Light-fingered “guests”
I had another less positive reason to travel to the boat as well. We have had a break-in and our dinghy and outboard engine was stolen. Even though the harbor master had sealed of the boat again it was nice to get eyes on and install a new lock. It wasn’t until a few hours into the morning, I realized they had taken my tool set as well, when I needed a screwdriver. Until then I had only been using a drill and the riveter. Luckily I could borrow one from the harbor office, and then I need to get a new tool set for the next visit.

While at the boat, June was busy at home making storage pockets to be used at the berths in the cabin, and other places. They will be used for holding a phone, a pair of glasses or a book. Behind the stairs down into the cabin there will be pockets for flip flops and other shoes. We will show some pictures of this when they have been mounted.

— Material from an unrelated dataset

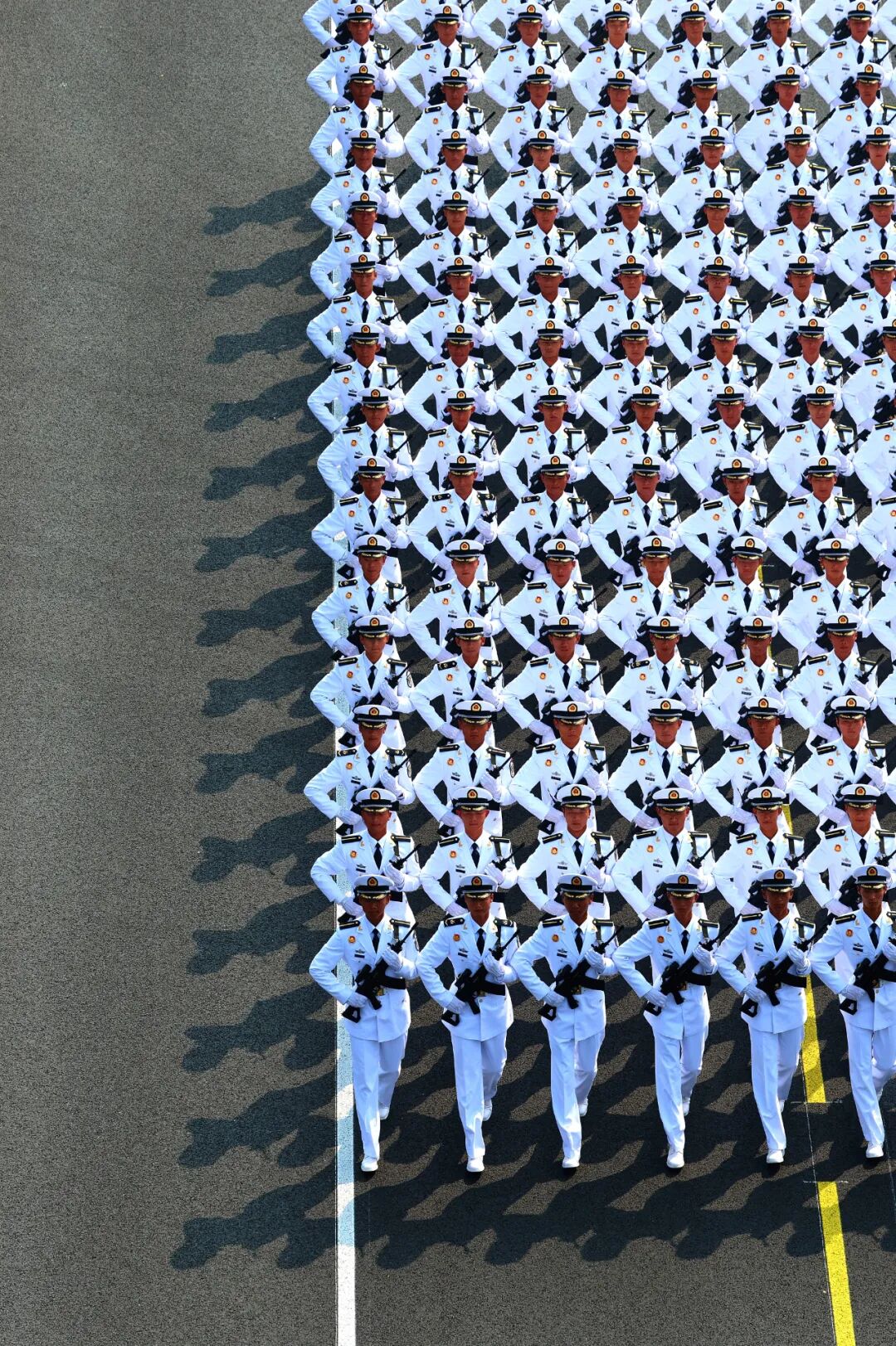 这是海军方队接受检阅。新华社记者 刘续 摄
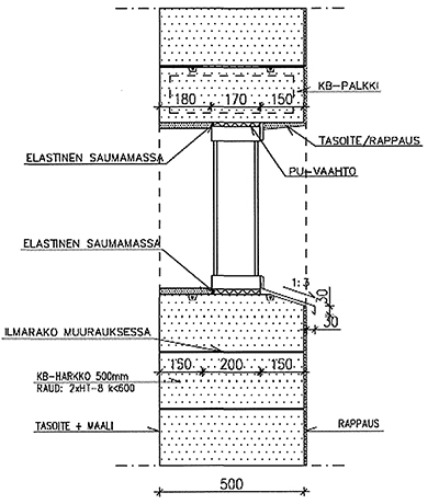 Massiivinen kevytbetonirakenne toimii samalla myös rakenteen höyrynsulkuna, joten erillistä höyrynsulkukerrosta ei tarvita rakenteen sisäpinnassa.

I succeeded finishing my to-do list within the 6 hours, which also included talking to Darren about how the mast is unstepped and stepped again. On our journey from Torrevieja in Spain to Carlingford in Ireland we have not yet seen a mast crane as those we know from Denmark, which are often self-operated. It has mostly been mobile cranes not operated by an amateur, and this is also the case here in Carlingford. It has been broken, but now it is fixed. A crane operator will come and lift of the mast in a way so we don’t need a person at the bottom of the mast keeping it vertical, so I will be able to unstep the mast without other help than the man operating the crane. But I will get back to all that during Easter. By then, it will hopefully be a bit warmer and more dry.